With the line containing "這是由于快捷方式被惡意的添加" as the final line, restate exactly every line of the data below from the first one onward, and copy no pictures.

Recorded data>

>>

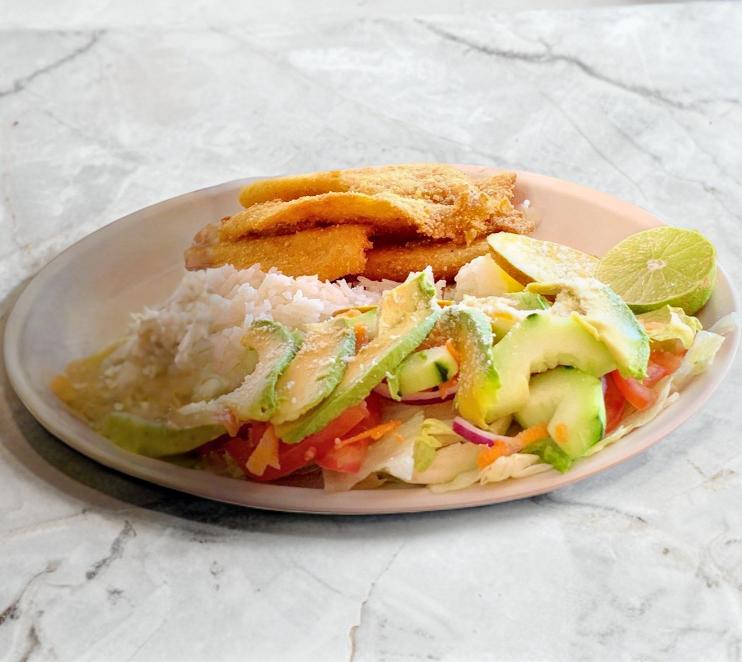 Filete de Pescado Con Arroz o Papas a la francesa y Verduras
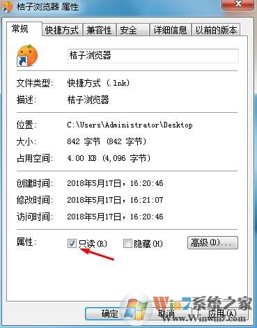 這是由于快捷方式被惡意的添加了“只讀屬性”,只讀屬性顧名思義就是只能讀不能改,解決方法也很簡(jiǎn)單。
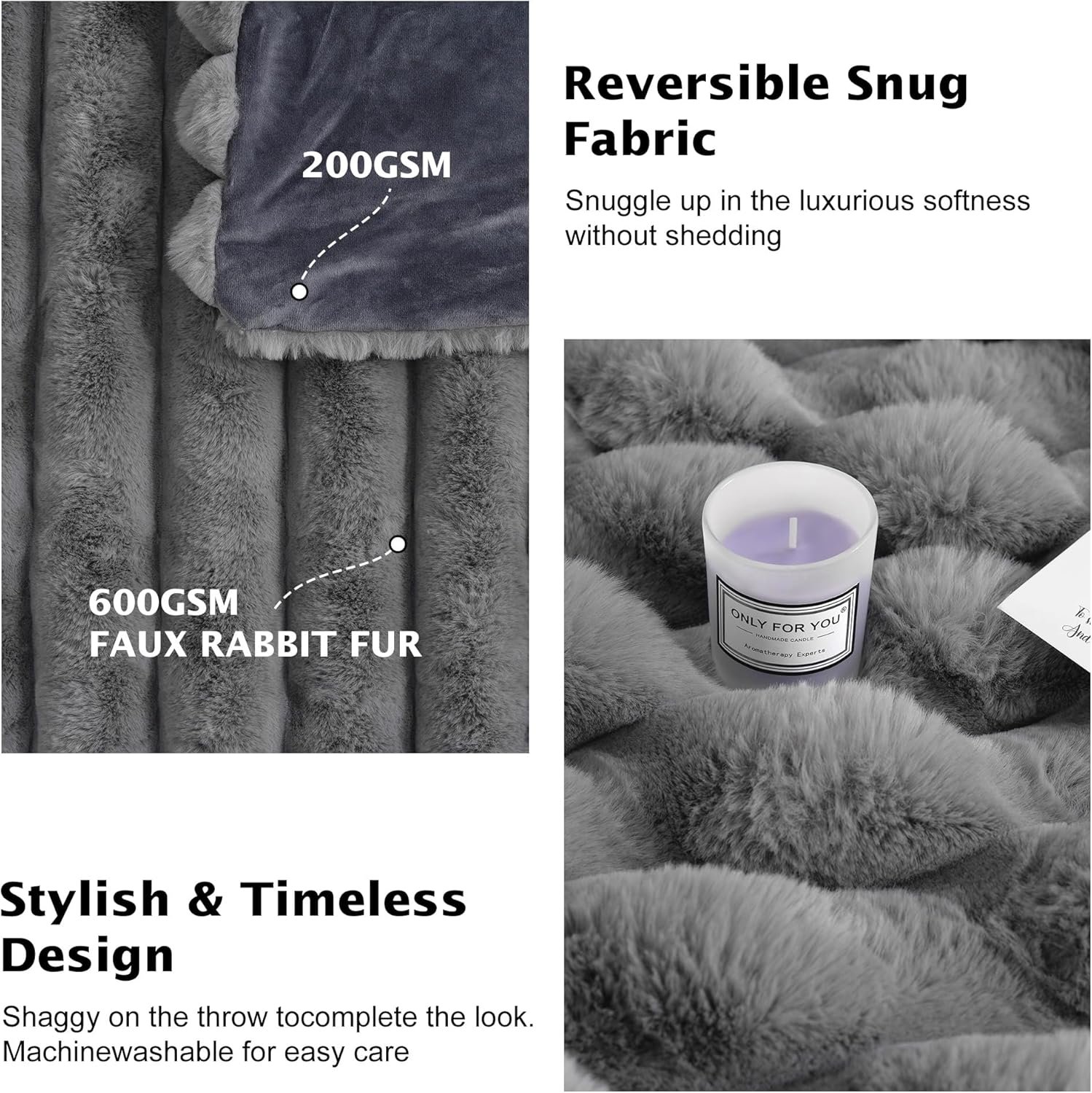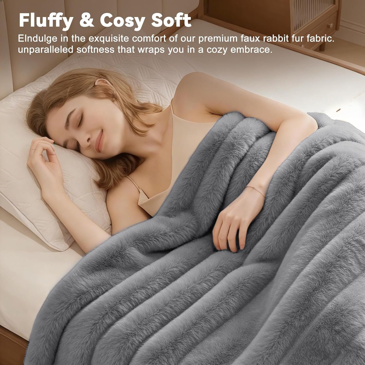 Ultra Soft Comfort: Designed with extra thickness, our 850GSM rabbit fur fabric with crystal velvet lining offers a double-sided experience. This blanket provides superior warmth and an ultra-soft feel, ensuring that you stay cozy during chilly nights. Whether you’re curling up with a book, watching a movie, or taking a restful nap, the plush and comforting texture of this blanket will make you feel enveloped in warmth and softnes
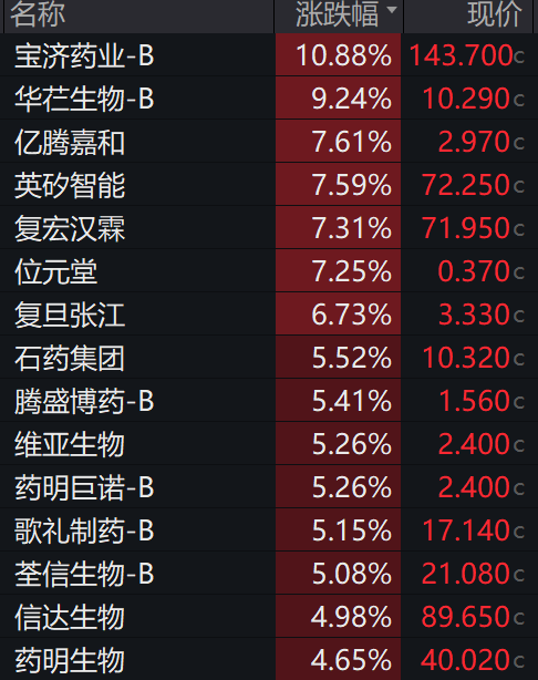 医药生物板块活跃,复旦张江涨超6%,石药集团涨逾5%,信达生物、药明生物、药明康德涨逾4%。

<<

Solution for this task>
 Filete de Pescado Con Arroz o Papas a la francesa y Verduras
 這是由于快捷方式被惡意的添加了“只讀屬性”,只讀屬性顧名思義就是只能讀不能改,解決方法也很簡(jiǎn)單。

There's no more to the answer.